> [TASK TO COMPLETE] Would you print the lines below exactly, beginning at the line that has "Đề thi cuối" and stopping after the line that has "An abstract world"? Only those lines, and no pictures.

> [SOURCE MATERIAL]

[Start of section]

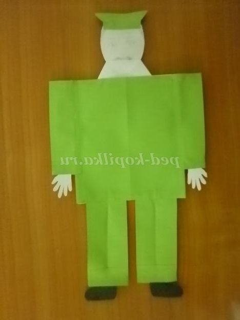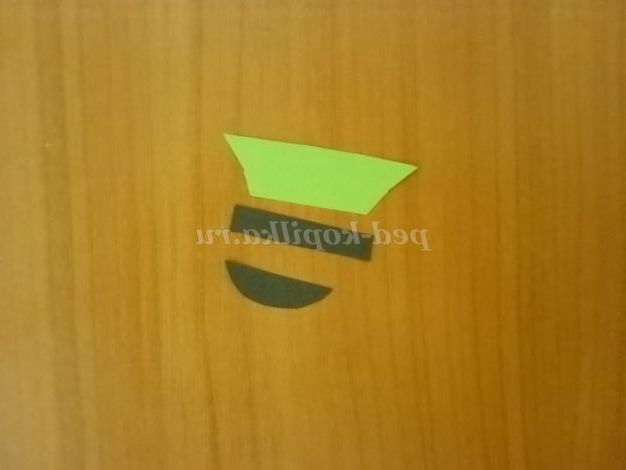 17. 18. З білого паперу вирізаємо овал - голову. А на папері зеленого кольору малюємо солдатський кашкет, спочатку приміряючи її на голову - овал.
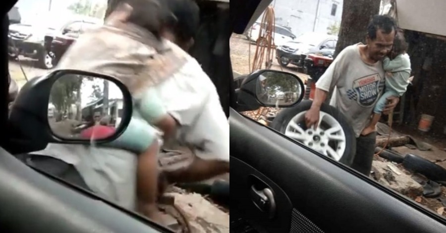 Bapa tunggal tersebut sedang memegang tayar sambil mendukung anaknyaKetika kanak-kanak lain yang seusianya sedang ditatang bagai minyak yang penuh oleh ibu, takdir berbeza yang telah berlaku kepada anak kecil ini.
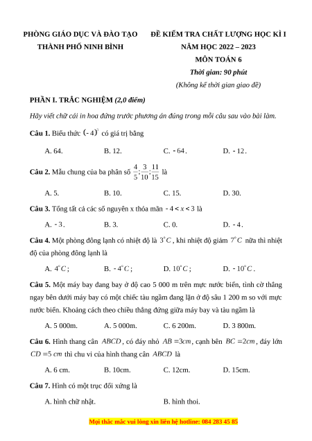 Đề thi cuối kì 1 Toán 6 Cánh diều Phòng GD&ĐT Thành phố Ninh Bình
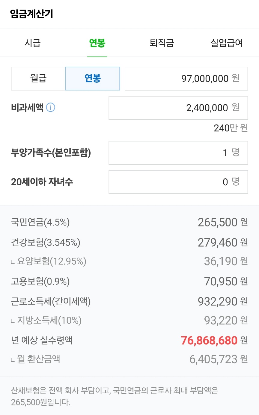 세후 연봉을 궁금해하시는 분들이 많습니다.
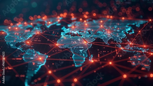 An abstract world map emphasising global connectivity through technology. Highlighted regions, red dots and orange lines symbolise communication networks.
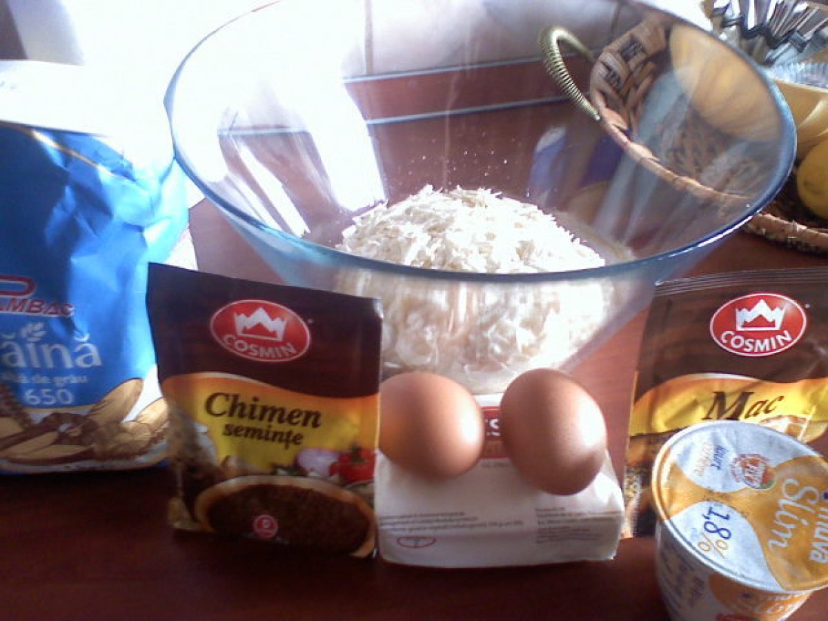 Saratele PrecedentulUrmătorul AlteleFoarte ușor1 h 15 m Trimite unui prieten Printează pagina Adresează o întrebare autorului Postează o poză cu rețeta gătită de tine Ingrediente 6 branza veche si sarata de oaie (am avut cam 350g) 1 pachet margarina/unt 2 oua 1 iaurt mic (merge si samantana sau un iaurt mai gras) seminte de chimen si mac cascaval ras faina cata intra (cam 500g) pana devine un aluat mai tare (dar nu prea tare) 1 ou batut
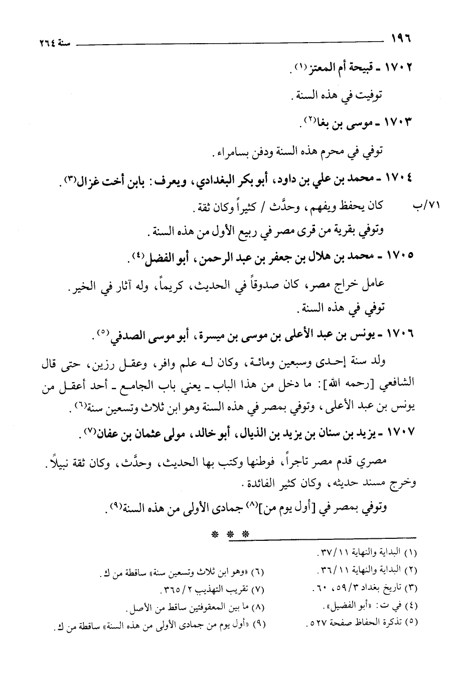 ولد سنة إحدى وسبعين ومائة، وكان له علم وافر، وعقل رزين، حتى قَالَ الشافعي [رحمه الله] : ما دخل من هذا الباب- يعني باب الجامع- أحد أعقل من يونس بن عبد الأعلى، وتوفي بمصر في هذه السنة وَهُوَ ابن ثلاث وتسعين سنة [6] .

[End of section]
[Start of section]

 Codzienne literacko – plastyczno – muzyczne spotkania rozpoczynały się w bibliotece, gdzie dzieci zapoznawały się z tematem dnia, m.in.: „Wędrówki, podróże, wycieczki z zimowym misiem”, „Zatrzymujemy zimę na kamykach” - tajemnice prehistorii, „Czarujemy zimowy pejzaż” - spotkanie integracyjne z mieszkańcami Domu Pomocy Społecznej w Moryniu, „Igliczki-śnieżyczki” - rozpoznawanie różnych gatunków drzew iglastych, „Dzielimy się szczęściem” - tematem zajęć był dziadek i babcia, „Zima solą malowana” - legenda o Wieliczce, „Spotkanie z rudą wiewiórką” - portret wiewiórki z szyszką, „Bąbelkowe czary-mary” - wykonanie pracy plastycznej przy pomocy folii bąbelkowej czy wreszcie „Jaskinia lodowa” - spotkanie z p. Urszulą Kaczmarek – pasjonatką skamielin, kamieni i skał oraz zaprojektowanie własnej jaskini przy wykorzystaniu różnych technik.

[End of section]
[Start of section]

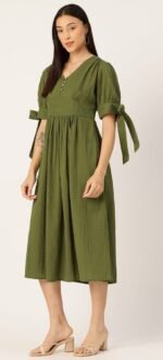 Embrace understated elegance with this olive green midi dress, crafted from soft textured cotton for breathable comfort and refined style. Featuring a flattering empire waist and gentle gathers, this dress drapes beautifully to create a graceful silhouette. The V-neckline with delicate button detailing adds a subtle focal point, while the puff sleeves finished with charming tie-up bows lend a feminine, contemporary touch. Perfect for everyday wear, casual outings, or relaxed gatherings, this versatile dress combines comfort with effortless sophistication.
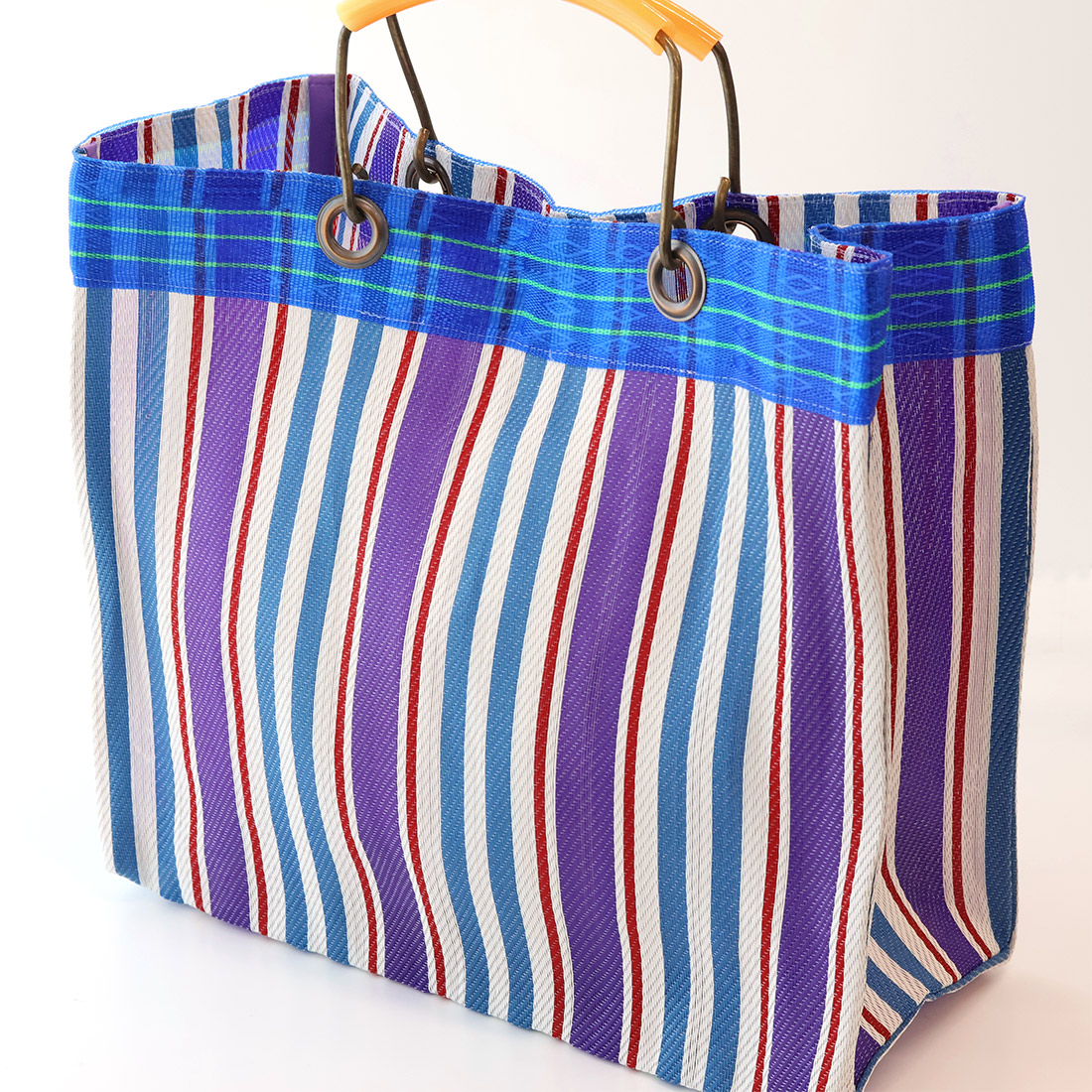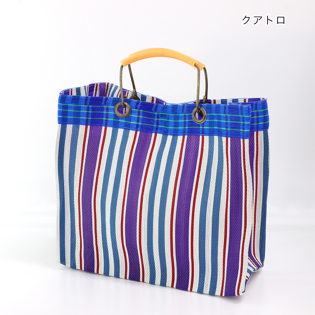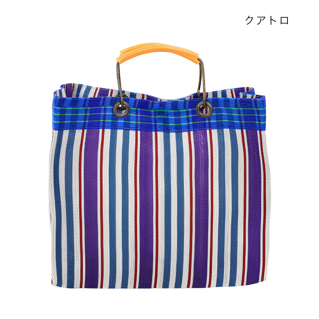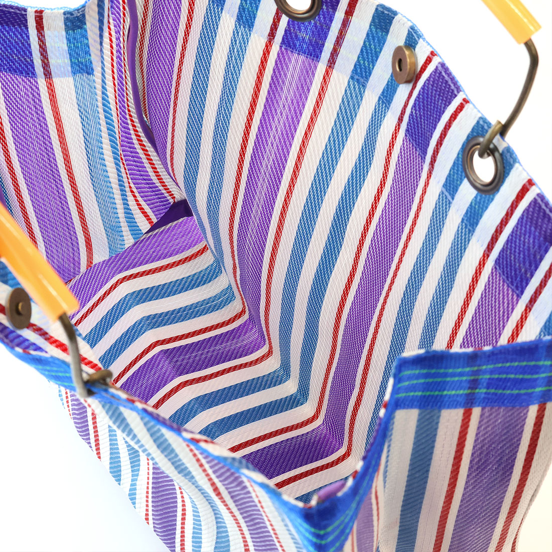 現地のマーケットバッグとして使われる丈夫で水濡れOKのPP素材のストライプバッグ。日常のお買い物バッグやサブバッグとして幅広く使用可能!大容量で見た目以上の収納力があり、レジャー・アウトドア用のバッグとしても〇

[End of section]

> [PROBLEM SOLUTION]
 Đề thi cuối kì 1 Toán 6 Cánh diều Phòng GD&ĐT Thành phố Ninh Bình
 세후 연봉을 궁금해하시는 분들이 많습니다.
 An abstract world map emphasising global connectivity through technology. Highlighted regions, red dots and orange lines symbolise communication networks.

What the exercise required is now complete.